Comment by samrus

2 months ago

Trying to follow invalid/impossible prompts by producing an invalid/impossible result and pretending its all good is a regression. I would expect a confident coder to point out the prompt/instruction was invalid. This test is valid, it highlights sycophantism

6 comments

samrus

bee_rider 2 months ago

I know “sycophantism” is a term of art in AI, and I’m sure it has diverged a bit from the English definition, but I still thought it had to do with flattering the user?

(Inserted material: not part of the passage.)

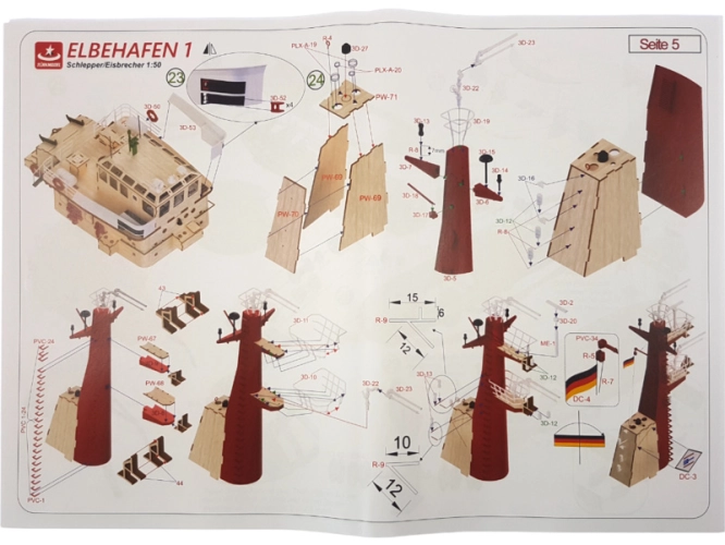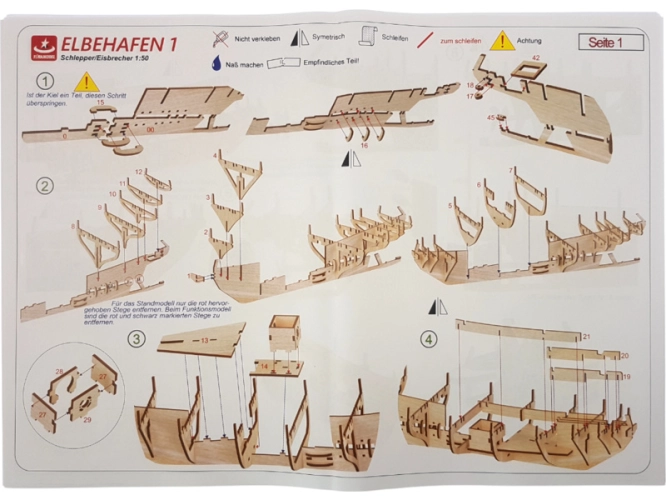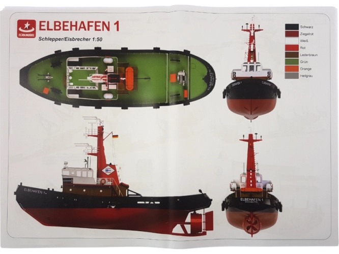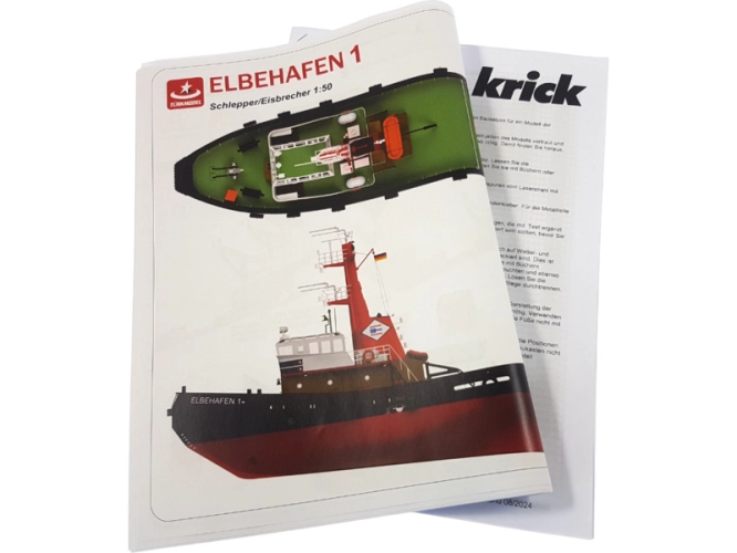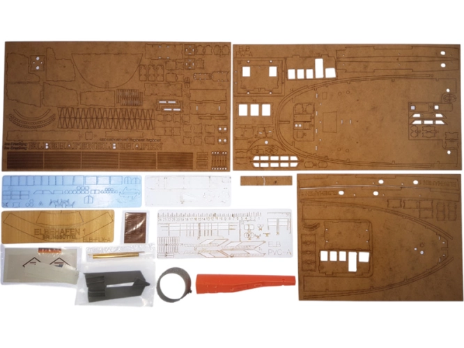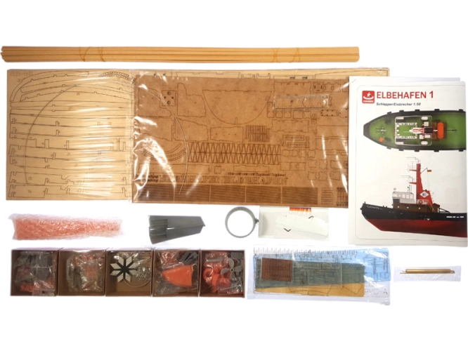 Stavebnice makety lodi Elbehafen 1 v měřítku 1:50. Délka modelu 605 mm. Stavba lodi je vhodná pro pokročilé modeláře. Model obsahuje díly k výrobě, jako dřevěný překližkový trup doplněný o lišty opláštění a paluby. Dřevěné díly jsou přesně a čistě laserem řezané. Dále model obsahuje kvalitní díly z resinovaného 3D tisku a maketové a konstrukční díly. Součástí stavebnice je stavební plán. Konstrukce je klasická s kýlem, příčnými žebry a plaňkovým opláštěním. Do modelu je možné doplnit LED osvětlení, což je v manuálu naznačeno (obsaženy jsou samotné LED a odpory, další elektrické komponenty a akumulátor je nutné doplnit).

In this case the desired response is defiance of the prompt, not rudeness to the user. The test is looking for helpful misalignment.

zahlman 2 months ago
> I still thought it had to do with flattering the user?
Assuming the user to be correct, and ignoring contradictory evidence to come up with a rationalization that favours the user's point of view, can be considered a kind of flattery.
- bee_rider 2 months ago
  
  But we could use this plausible, but jumping through hoops definition of sycophancy… or we could just use a straightforward understanding of alignment, I mean, the newer bots are just sticking closer to the user request.
samrus 2 months ago

I believe the LLM is being sycophantic here because its trying to follow a prompt even rhough the basis of the prompt is wrong. Emporers new clothes kind of thing
Terr_ 2 months ago

I'm inclined to view it less as a desire to please humans, and more like a "the show must go on" bias in the mad libs machine.
A kind of improvisational "yes and" that emerges from training, which seems sycophantic because that's one of the most common ways to say it.
cowsandmilk 2 months ago

“The Emperor Has No Clothes” squarely fits in the definition of sycophants.